Concept, production, messaging, art direction, copy

Home is a Human Right is a media series about homes, wealth, and racial inequity, produced in collaboration with homeless activists and housed allies in New York City.

Being “homeless” is shorthand for losing the game of capitalism, a category of sort of no longer being a person. There is scant media representation of protagonists who are homeless— nowhere is fighting for the right to have a home portrayed as a human and normal experience. This is particularly problematic, as nearly 90% of New Yorkers in the shelter system identify as Black or brown: homelessness is a racial justice issue and it deserves a lot more exposure. I heard a formerly homeless woman at a zoom panel last year say, “Homelessness needs a makeover,” and she was exactly right. Recognizing this feeling of social invisibility (or worse, dehumanization) from my experience of growing up queer in the ’80s, I conceived of a media project sharing the wisdom and perspective of the leaders of New York City’s homeless rights movement. Throughout the last year, I have slowly helped foster a volunteer media collective to produce this, an interwoven network of housed and unhoused people sharing knowledge, resources, and relationships. Together we are producing media illustrating the unequal foundations upon which New York City is built that determine which populations have access to wealth and security, literally realized in the form of homes and properties, and which don’t.
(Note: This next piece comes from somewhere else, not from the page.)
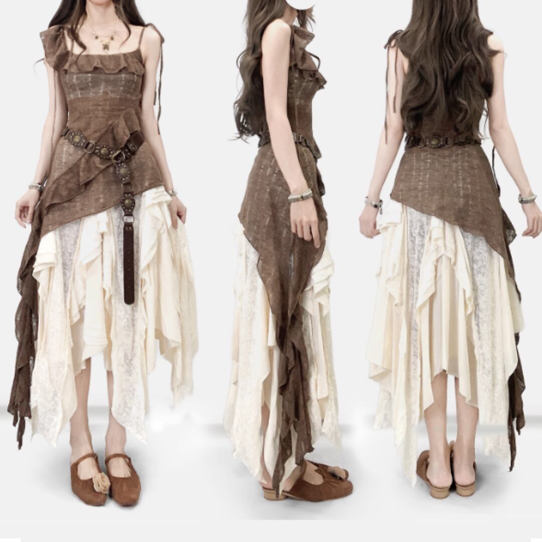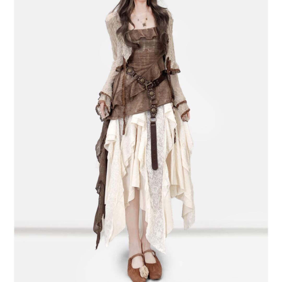 ワンピース、カーディガン、スカートの3ピースのセットアップ。

The series began during quarantine as a curation of biweekly zoom conversations featuring people with direct experience of being homeless and is currently being rebooted in the form of higher-production video segments compiled into thematic episodes. A formerly homeless friend offers a cooking tutorial and talks about what it’s like eating in the shelter (he says it’s terrible), a collective member who finally gets housing hosts a design-challenge makeover with the help of our collective members The Moving Support Project, turning his empty apartment into a place to really call home. This project is the coolest and most radical thing I’ve ever been involved with. It has that tangible feeling of working on something that might actually make a difference in the world.